Şehir merkezinden iki şahane heykel
Gazi Bulvarı'ndaki Atatürk Heykeli ve Adalet Parkı'ndaki Eskişehir Belediye Başkanı Prof. Dr. Yılmaz Büyükerşen tarafından bizzat yapılmış olan Adalet Heykeli. Ne gariptir ki ben bu fotoğrafı çektikten çok kısa bir süre sonra Adalet Tanrıçası Themis'in elindeki terazi çalındı :(
Mevsimin sarı şekerleri karahindibalar her yerdeler artık, ama her yerde. İsmini kim ''kara'' hindiba koyduysa esefle kınıyorum. Bu sapsarı çiçeklere kara demek de ne bileyim (Iyyy, hiç sevmediğim bir kalıp kullandım). Ne bileyim ne demek yahu? Ne diyeceksen de işte! Sağdaki sarı çiçekler ise peyzaj amaçlı kullanılıyor, bilirsiniz. Bir adı da ''güneş papatyası''.
Pazar yerindeki son mısırlar ve yeniden pahalanan palamutlar.
Zeytinler siyaha dönüşmek üzere. Çoğu insanın yeşil zeytini ayrı siyah zeytini ayrı tür sandığını biliyor muydunuz? 😃 Tezgâhlarda artık bol miktarda yeşil zeytin ve Trabzon hurması var.
Ee, o zaman kırma zeytin yapmadan durulur mu? En sevdiğim lezzetlerden. Acısı çıkar çıkmaz üzerine biraz zeytinyağı ve limon ilavesiyle hemen yemeye başlıyoruz. Diğeri de kış çöreği. İç Anadolu'da çok yaygındır. Tahinli ekmek, yağlı ekmek, vb. adları da var. Kahvaltıda şahane oluyor. Üstelik yapılışı çok kolay.
Sarman ne kadar şaşırdı öyle, kıyamam ki:)) Köpeğini gezdiren üç ayrı kişinin patili oğulları sayesinde zoraki mola vermek zorunda kalışı ve birbirleriyle tanışıp arkadaş olmaları çok sıradan artık:)
Eskimiş kamp sandalyesine uzanıp keyif çatan minnoş deniz havası alıyor bir taraftan. Diğeri de prenses misali belirdi orada. Kuyruğunun duruşuna, pozlara bak:)

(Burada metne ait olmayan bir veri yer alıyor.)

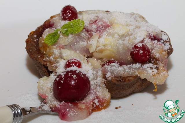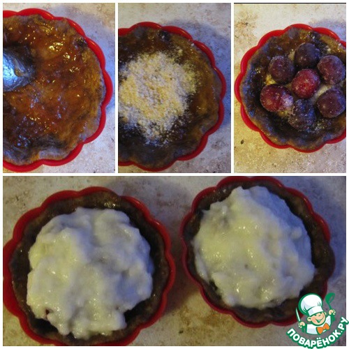 Если в тесто добавить какао-порошок пару ложек (кол-во муки уменьшить!), то можно приготовить корзиночки. Выложить форму тестом, донышко смазать джемом, посыпать постными молотыми сухарями, выложить ягоды (вишню), залить муссом и выпекать в духовке 10-15 минут до готовности теста!
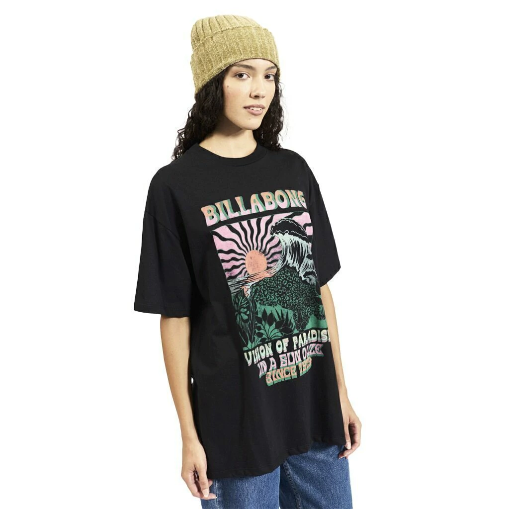 La remera Visions es una prenda que se adapta a todos los estilos. Confeccionada con materiales suaves y cómodos, es perfecta para cualquier actividad física o para un look casual. Su diseño bordado resalta el logo clásico de Billabong. Esta linea esta diseñada para aquellas que nunca tienen el paraíso demasiado lejos. Acá predominan los tonos de piedras preciosas y mares profundos combinados con verdes esmeralda y azules intensos con toques de rosa vibrante, todo en perfecta armonía con negros lavados. Cada prenda refleja un eclecticismo que celebra tanto la fuerza aventurera como la delicadeza femenina. Perfecta para chicas cool con un toque irreverente, "Emerald Vision" ofrece sets deportivos, pantalones baggys y suaves sherpas.
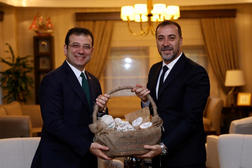 İstanbul Büyükşehir Belediye (İBB) Başkanı Ekrem İmamoğlu, Silivri Belediye Başkanı Volkan Yılmaz’ı ziyaret etti. Silivri ile 14’ncü ilçe belediyesi ziyaretini gerçekleştiren İmamoğlu’na İBB üst yönetimi tam kadro eşlik etti. Yılmaz’a misafirperverliğinden dolayı teşekkür eden İmamoğlu, “Belediye başkanımızla, Büyükşehir’le olan sürecini konuşacağız uzun uzun. Önümüzdeki sürece dair, geçmişten gelen hangi konular var, geleceğe dair neler yapılmalı, ortak akılla süreci yönetmeye dair prensibimize dönük Silivri’nin her konusunu konuşmaya çalışacağız” dedi. Silivri’nin kırsalı en geniş olan ilçelerinden bir tanesi olduğunu belirten İmamoğlu, “Dolayısıyla o boyutuyla ele alacağımız konularımız var. Başkan’ımıza teşekkür ederiz. Şu kalan ilçelerimizi 15-20 gün içerisinde bitirmeyi hedefliyoruz. Ocak ayının sonuna kalmasın istiyoruz. İnşallah o süreci tamamlayıp artık, ortak çalışma kültürünü şehrin her ilçesinde yaygın hale getirme çabasında olacağız. Bugün dolu dolu Silivri olsun istiyoruz.” diye konuştu.
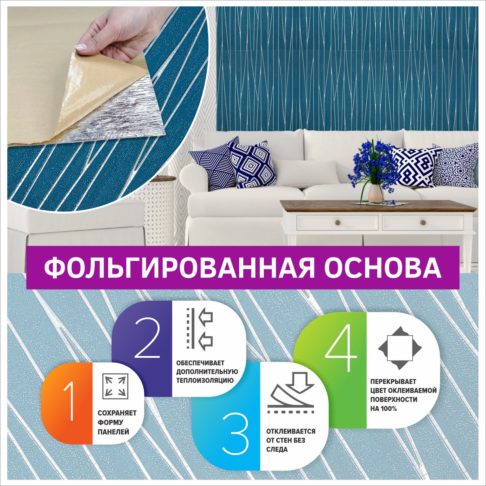 Самоклеющаяся панель для стен мягкая с фольгой "Капелла серебро" 10 шт. 3D 690*690*4 мм самоклеящиеся обои для кухни моющиеся влагостойкие или потолочные плитки
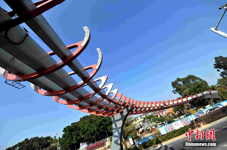 1月4日,被誉为“中国最文艺渔村”的厦门曾厝垵路口,一座名为“渔桥”造型别具一格的人行天桥即将完工。据了解,和城市中其它天桥相比显的十分与众不同,在设计阶段,该天桥就充分结合了当地文化特色。其主梁采用异型钢结构,其外形像是鱼骨,又像是传统渔船的结构,融合当地百年渔村历史,看上去“鱼”感十足。张斌 摄
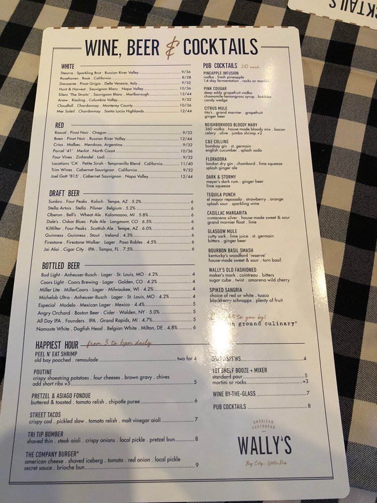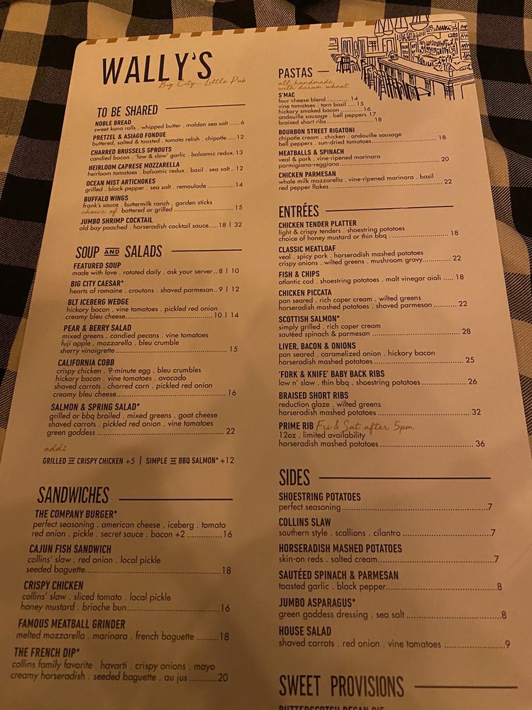 Introducing the menu at Wally's American Gastropub, a charming restaurant located in Scottsdale, AZ. This gastropub offers a variety of options for salad and sandwiches, with vegan choices available. The restaurant provides a cozy atmosphere with outdoor seating and free Wi-Fi. Customers praise the friendly and attentive staff, with special mentions to servers like Lukas and Amy for their exceptional service. Highlights include the delicious fish special, prime rib with horseradish mashed potatoes, chicken Parmesan, and ribs. The menu offers gluten-free options, making it a great choice for those with dietary restrictions. Guests can enjoy a full bar with a selection of cocktails and beers. Overall, Wally's American Gastropub offers a memorable dining experience with high-quality food and excellent service.

Pandemide dışarıdan yiyecek korkusunu dondurma ile yendim şükür. Bir nevi ilaç görevi üstlendiler. Onlar benim kahramanım:) Ama yine de dışarıdan eskisi kadar yemiyorum. Eskisinin yarısı kadar bile değil.
Bulutlar akşama doğru böyle bir tablo çıkardı ortaya. Hayranlıkla izledim.
Aklıma;
''Yok öyle umutları yitirip karanlıkta savrulmak.
Unutma; aynı gökyüzü altında, bir direniştir yaşamak,'' sözü geldi.
Yaşamak her şeye rağmen çok güzel gerçekten.